Treated animals had prolonged and difficult labor, fewer live births, lower
birth weight, and reduced early pup survival at an exposure that was approximately
8 times the MRHD (on an area under the curve (AUC) basis with a maternal subcutaneous
dose of 15 mcg/kg). There were no findings with an exposure approximately 4
times the MRHD (on an AUC basis with a maternal subcutaneous dose of 7.5
Embryofetal development studies were conducted with
pregnant rabbits dosed with mometasone furoate by either the topical dermal
route or oral route throughout the period of organogenesis. In the study using
the topical dermal route, mometasone furoate caused multiple malformations in fetuses
(e.g., flexed front paws, gallbladder agenesis, umbilical hernia, hydrocephaly)

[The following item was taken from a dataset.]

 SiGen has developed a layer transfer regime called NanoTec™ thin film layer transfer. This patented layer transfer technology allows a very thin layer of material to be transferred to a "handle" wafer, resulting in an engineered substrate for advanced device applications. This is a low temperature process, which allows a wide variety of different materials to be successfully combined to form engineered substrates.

at an exposure approximately 3 times the MRHD (on a mcg/m² basis with maternal
topical dermal doses of 150 mcg/kg and above). In the study using the oral
route, mometasone furoate caused increased fetal resorptions and cleft palate
and/or head malformations (hydrocephaly and domed head) at an exposure
approximately ½ of the MRHD (on AUC basis with a maternal oral dose of 700
mcg/kg). At an exposure approximately 2 times the MRHD (on an AUC basis with a maternal
oral dose of 2800 mcg/kg), most litters were aborted or resorbed. No effects
were observed at an exposure approximately 1/10 of the MRHD (on an AUC basis
with a maternal oral dose of 140 mcg/kg).

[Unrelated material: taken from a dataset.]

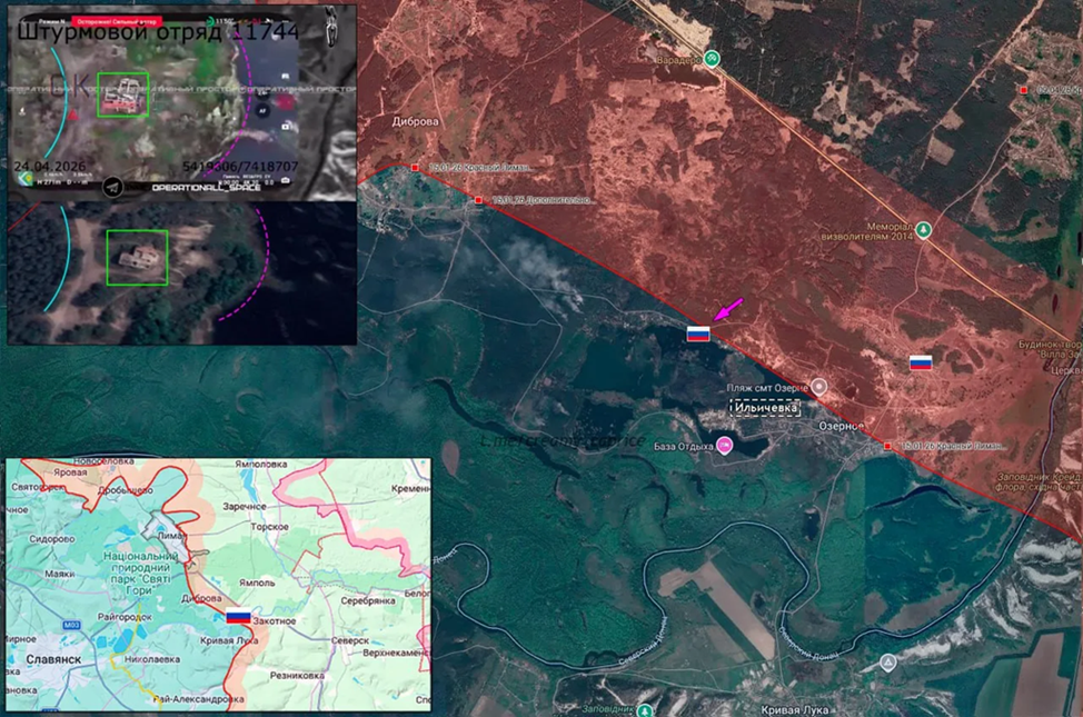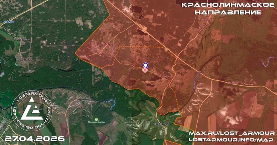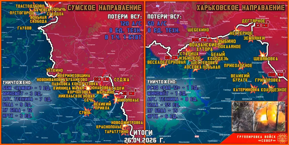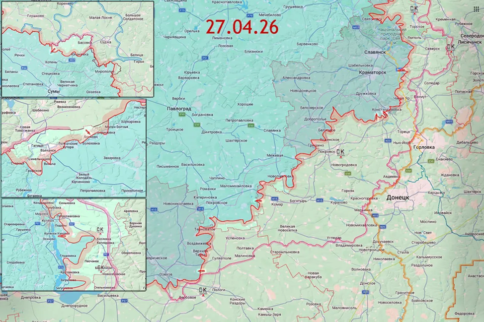 27.04.26 Сводка. Боевые действия с 23 по 26 апреля 2026 года. В Сумской зоне безопасности ВС РФ заняли новые позиции в восточной части посёлка Кондратовка. В Харьковской зоне безопасности ВС РФ вышли на окраины Бочково и ведутся боевые действия за контроль жилой застройки. На Купянском направлении ВС РФ завязали боевые действия на восточных окраинах города Купянск-Узловой. Около Артёмовска ВС РФ продвинулись вдоль трассы Е40 и вышли на канал Северский Донец-Донбасс около Малиновки. В Константиновке ВС РФ продвинулись на юге города в направлении микрорайона Солнечный. Западнее города ВС РФ заняли новые позиции в восточной части Долгой Балки. В районе Великой Новосёлки ВС РФ вышли к реке Волчья севернее Александрограда. Около Гуляйполя ВС РФ продвинулись на запад от Мирного, отмечаются боевые действия с присутствием ВС РФ в Новосёловке. Карта https://goo.gl/maps/4eum5C9giNDebgXf7

There are no available data on the presence of SINUVA
Sinus Implant in human milk, the effects on the breastfed child or the effects
on milk production. Systemic absorption of a single inhaled 400 mcg mometasone
dose was less than 1%. It is not known if mometasone furoate is excreted in
human milk. Other inhaled corticosteroids, similar to mometasone furoate, are
present in human milk. The developmental and health benefits of breastfeeding
should be considered along with the mother's clinical need for the SINUVA Sinus
Implant and any potential adverse effects on the breastfed infant from the
SINUVA Sinus Implant.
The safety and effectiveness of the SINUVA Sinus Implant
have not been established in children or adolescents less than 18 years of age.

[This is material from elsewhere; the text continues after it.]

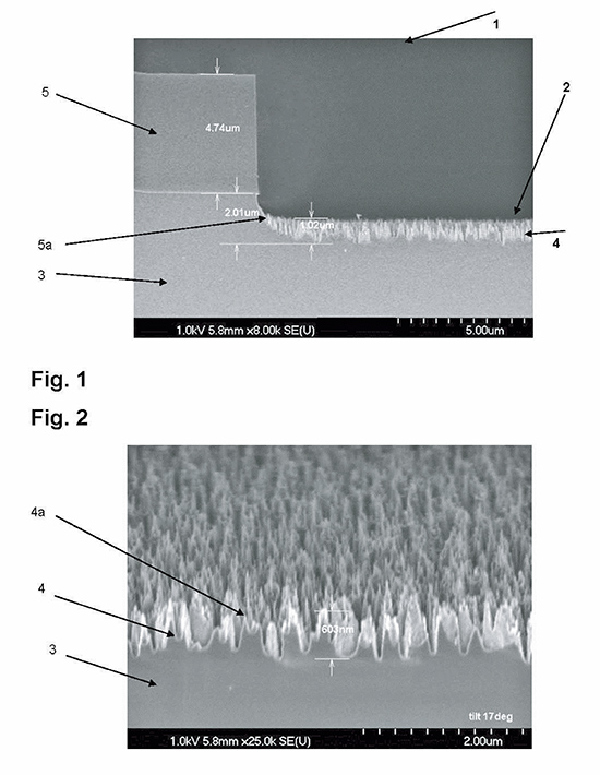 Mithilfe eines RIE-Ätzverfahrens für Silizium (3) wird ohne jegliche zusätzliche Strukturierungsmaßnahme (e-beam, Interferenzlithographie, o.a.) durch Auswahl der Gasanteile des Ätzplasmas in einer Selbstorganisation eine kristallfehlerfreie, nadelförmige Struktur (4,4a) mit großem Aspektverhältnis und mit Nanodimensionen auf der Oberfläche von Siliziumscheiben erzeugt. Eine breitbandige Entspiegelung wird erreicht, die eine vielfältige Verwendung finden kann.

A total of 33 patients 65 years of age or older received
the SINUVA Sinus Implant in 2 controlled randomized clinical trials. Clinical
studies did not include sufficient numbers of subjects aged 65 and over to
determine whether they respond differently from younger subjects.
Concentrations of mometasone furoate appear to increase
with severity of hepatic impairment [see CLINICAL PHARMACOLOGY].